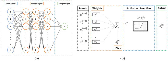 Neurons are the building blocks of a neural network, as shown in Figure 7b [50], where the output for the th neuron in hidden layer with an activation is depicted as follows:
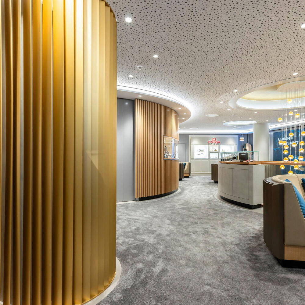 Das zentrale Element des Interiors, das bei einer Verdoppelung der Fläche mehr räumliche Weite bietet, stellt die Uhrenkrone dar. Die Form dieser kleinen, seitlich am Uhrengehäuse befestigten „Schraube“ findet sich auch in der Innenarchitektur des neuen Stores wieder. So greifen die Begrüßungs- und Empfangstheke, die Beratungsbereiche und die Deckenbeleuchtung die runde Form des Ziffernblatts einer Uhr sowie den kannelierten Umriss der Uhrenkrone auf. Kreisförmige Sitzgruppen ermöglichen Kund:innen, die nicht alleine, sondern mit Partner:innen oder Freund:innen kommen, sich in der „Uhrenkrone“ über das Thema Uhren auszutauschen. Gingen die Kernzeiten in den ehemaligen Räumlichkeiten mit einer akustischen Belastung einher, so kreieren am neuen Standort eine Akustikdecke und ein langfloriger Teppich eine klare, brillante Raumakustik. Eine Lamellenstruktur in den Rückwänden mit eingebauten Schallbrechern sowie textile Elemente ermöglichen an den Beratungstischen auch bei hohem Kundenaufkommen ein sehr gutes Hörverstehen und somit ein hohes Maß an Vetraulichkeit. Beim Farbkonzept spielten Metalle eine elementare Rolle. Bei diesem wurde jedoch weniger auf kühlen Aluminiumlook, sondern warme Gold- und Kupfertöne gesetzt. Um das Interior nicht mit Materialitäten zu überfrachten und die metallischen Flächen wirken zu lassen, wurden moderne Materialien und Nichtfarben eingesetzt: Die Raumdecke präsentiert sich effektvoll mit einem silbrigen Sternenhimmel auf weißem Untergund, die Böden sind mit einem grauem Teppichbelag ausgelegt. Stimmig dazu ist der Fries der Mittelinsel, deren kreisförmige Öffnung Einblicke ins Untergeschoss erlaubt, in Sichtbeton ausgeführt. Um die Aspekte des Wohlfühlens und der Haptik nach vorne zu bringen, wurden Holzlemente eingesetzt: bei den Handläufen der Mittelinsel, den Vitrinenunterseiten, der Rückwand und dem Thekenaufsatz. Die Neugestaltung der Gebäudefassade rundet das Gesamtkonzept ab: Zuvor als glasierte Klinkerfassade ausgebildet, präsentieren sich die Räume zwischen den Fenstern, die mit Faschen versehen wurden, in der der gleichen Materialität wie die Einfassungen rechts und links des Ladenlokals. Auf diese Weise ist es gelungen, das Untergeschoss mit den Obergeschossen gestalterisch in Einklang zu bringen und somit einen Bezug zwischen diesen herzustellen.
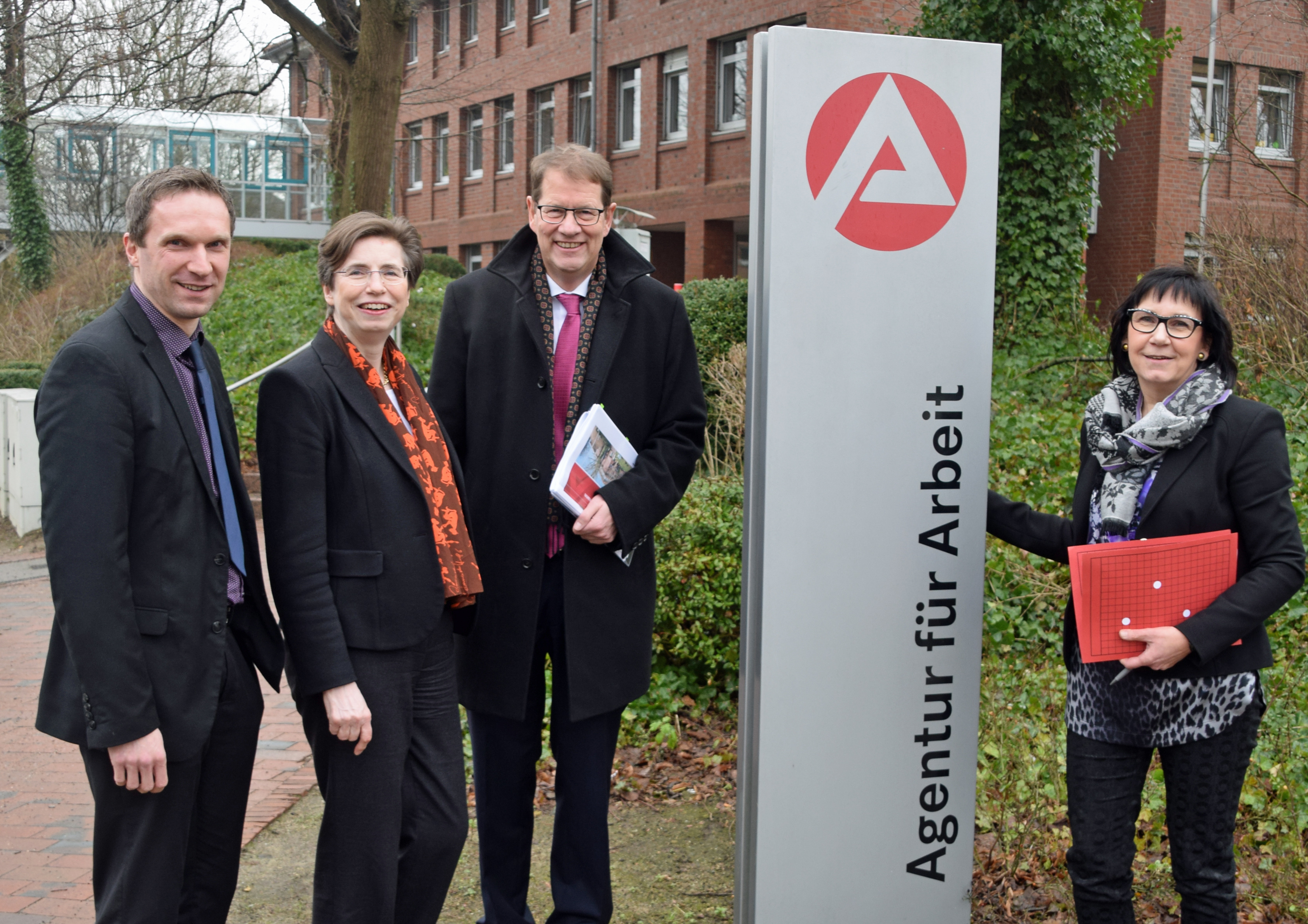 Nachdem immer mehr Flüchtlinge ihre Anerkennung erhalten, geht es jetzt verstärkt darum, diese in den Arbeitsmarkt zu integrieren. Problematisch erweist sich dabei, dass von den ca. aktuell 1.780 Schutzsuchenden 85 % Prozent keine Ausbildung und rund 56 Prozent keinen Schulabschluss mitbringen. Durch Sprachförderung, Berufspraktika, Messen, Patenschaften und in Zusammenarbeit mit Organisationen wie der Kreishandwerkerschaft und mit dem Kreisprojekt „Rückenwind“ sind die Bad Oldesloer Arbeitsagentur, das Jobcenter und ihre Partner auf diesem Gebiet aktiv.

----------------

Your objective:
Omitting all pictures, give the preceding listing again exactly.

Finished task:
 Neurons are the building blocks of a neural network, as shown in Figure 7b [50], where the output for the th neuron in hidden layer with an activation is depicted as follows:
 Das zentrale Element des Interiors, das bei einer Verdoppelung der Fläche mehr räumliche Weite bietet, stellt die Uhrenkrone dar. Die Form dieser kleinen, seitlich am Uhrengehäuse befestigten „Schraube“ findet sich auch in der Innenarchitektur des neuen Stores wieder. So greifen die Begrüßungs- und Empfangstheke, die Beratungsbereiche und die Deckenbeleuchtung die runde Form des Ziffernblatts einer Uhr sowie den kannelierten Umriss der Uhrenkrone auf. Kreisförmige Sitzgruppen ermöglichen Kund:innen, die nicht alleine, sondern mit Partner:innen oder Freund:innen kommen, sich in der „Uhrenkrone“ über das Thema Uhren auszutauschen. Gingen die Kernzeiten in den ehemaligen Räumlichkeiten mit einer akustischen Belastung einher, so kreieren am neuen Standort eine Akustikdecke und ein langfloriger Teppich eine klare, brillante Raumakustik. Eine Lamellenstruktur in den Rückwänden mit eingebauten Schallbrechern sowie textile Elemente ermöglichen an den Beratungstischen auch bei hohem Kundenaufkommen ein sehr gutes Hörverstehen und somit ein hohes Maß an Vetraulichkeit. Beim Farbkonzept spielten Metalle eine elementare Rolle. Bei diesem wurde jedoch weniger auf kühlen Aluminiumlook, sondern warme Gold- und Kupfertöne gesetzt. Um das Interior nicht mit Materialitäten zu überfrachten und die metallischen Flächen wirken zu lassen, wurden moderne Materialien und Nichtfarben eingesetzt: Die Raumdecke präsentiert sich effektvoll mit einem silbrigen Sternenhimmel auf weißem Untergund, die Böden sind mit einem grauem Teppichbelag ausgelegt. Stimmig dazu ist der Fries der Mittelinsel, deren kreisförmige Öffnung Einblicke ins Untergeschoss erlaubt, in Sichtbeton ausgeführt. Um die Aspekte des Wohlfühlens und der Haptik nach vorne zu bringen, wurden Holzlemente eingesetzt: bei den Handläufen der Mittelinsel, den Vitrinenunterseiten, der Rückwand und dem Thekenaufsatz. Die Neugestaltung der Gebäudefassade rundet das Gesamtkonzept ab: Zuvor als glasierte Klinkerfassade ausgebildet, präsentieren sich die Räume zwischen den Fenstern, die mit Faschen versehen wurden, in der der gleichen Materialität wie die Einfassungen rechts und links des Ladenlokals. Auf diese Weise ist es gelungen, das Untergeschoss mit den Obergeschossen gestalterisch in Einklang zu bringen und somit einen Bezug zwischen diesen herzustellen.
 Nachdem immer mehr Flüchtlinge ihre Anerkennung erhalten, geht es jetzt verstärkt darum, diese in den Arbeitsmarkt zu integrieren. Problematisch erweist sich dabei, dass von den ca. aktuell 1.780 Schutzsuchenden 85 % Prozent keine Ausbildung und rund 56 Prozent keinen Schulabschluss mitbringen. Durch Sprachförderung, Berufspraktika, Messen, Patenschaften und in Zusammenarbeit mit Organisationen wie der Kreishandwerkerschaft und mit dem Kreisprojekt „Rückenwind“ sind die Bad Oldesloer Arbeitsagentur, das Jobcenter und ihre Partner auf diesem Gebiet aktiv.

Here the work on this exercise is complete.